3.3. Multilevel keys.

  Replacing a directory authority's identity key in the event of a compromise
  would be tremendously annoying.  We'd need to tell every client to switch
  their configuration, or update to a new version with an uploaded list.  So
  long as some weren't upgraded, they'd be at risk from whoever had
  compromised the key.

  With this in mind, it's a shame that our current protocol forces us to
  store identity keys unencrypted in RAM.  We need some kind of signing key
  stored unencrypted, since we need to generate new descriptors/directories
  and rotate link and onion keys regularly.  (And since, of course, we can't
  ask server operators to be on-hand to enter a passphrase every time we
  want to rotate keys or sign a descriptor.)

  The obvious solution seems to be to have a signing-only key that lives
  indefinitely (months or longer) and signs descriptors and link keys, and a
  separate identity key that's used to sign the signing key.  Tor servers
  could run in one of several modes:
    1. Identity key stored encrypted.  You need to pick a passphrase when
       you enable this mode, and re-enter this passphrase every time you
       rotate the signing key.
    1'. Identity key stored separate.  You save your identity key to a
       floppy, and use the floppy when you need to rotate the signing key.
    2. All keys stored unencrypted.  In this case, we might not want to even
       *have* a separate signing key.  (We'll need to support no-separate-
       signing-key mode anyway to keep old servers working.)
    3. All keys stored encrypted.
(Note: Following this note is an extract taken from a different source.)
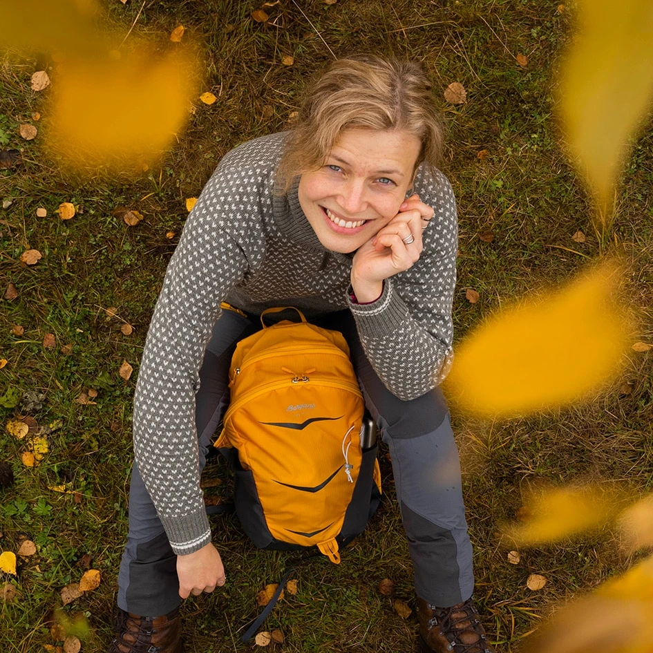 Ventilerende skulderrem og Bergans FlowPanel i ryggflaten. Ventilerende hoftebelte med lommer. Ventilerende hoftebelte med lommer. Skulderremmene, hoftebeltet og ryggpanelet er spesielt utviklet for kvinner.
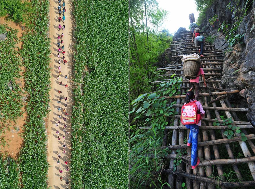 拼版照片:左图为在广西大化瑶族自治县板升乡弄勇村,孩子们走在放学路上(2019年5月10日摄,无人机照片);右图为在弄勇村弄顶屯,孩子们扛着生活用具,爬悬梯回家(2012年7月4日摄)。目前,弄勇村所有的屯都已告别没有公路的历史。新华社记者 黄孝邦 摄

You need to enter a passphrase to start
       Tor.
  (Of course, we might not want to implement all of these.)

  Case 1 is probably most usable and secure, if we assume that people don't
  forget their passphrases or lose their floppies.  We could mitigate this a
  bit by encouraging people to PGP-encrypt their passphrases to themselves,
  or keep a cleartext copy of their secret key secret-split into a few
  pieces, or something like that.

  Migration presents another difficulty, especially with the authorities.  If
  we use the current set of identity keys as the new identity keys, we're in
  the position of having sensitive keys that have been stored on
  media-of-dubious-encryption up to now.  Also, we need to keep old clients
  (who will expect descriptors to be signed by the identity keys they know
  and love, and who will not understand signing keys) happy.
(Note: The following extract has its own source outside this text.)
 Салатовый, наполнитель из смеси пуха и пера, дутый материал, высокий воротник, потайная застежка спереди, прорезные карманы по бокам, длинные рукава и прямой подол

  I'd enumerate designs here, but I'm hoping that somebody will come up with
  a better one, so I'll try not to prejudice them with more ideas yet.

  Oh, and of course, we'll want to make sure that the keys are
  cross-certified. :)

  Ideas? -NM

3.4. Long and short descriptors

  Some of the costliest fields in the current directory protocol are ones
  that no client actually uses.  In particular, the "read-history" and
  "write-history" fields are used only by the authorities for monitoring the
  status of the network.  If we took them out, the size of a compressed list
  of all the routers would fall by about 60%.  (No other disposable field
  would save more than 2%.)

  One possible solution here is that routers should generate and upload a
  short-form and long-form descriptor.  Only the short-form descriptor should
  ever be used by anybody for routing.  The long-form descriptor should be
  used only for analytics and other tools.  (If we allowed people to route with
  long descriptors, we'd have to ensure that they stayed in sync with the
  short ones somehow.)

  Another possible solution would be to drop these fields from descriptors,
  and have them uploaded as a part of a separate "bandwidth report" to the
  authorities.  This could help prevent the mistake of using long descriptors
  in the place of short ones.

  Thoughts? -NM

4. Migration

  For directory voting, ...

caches need to start caching consensuses and accepting multisigned documents.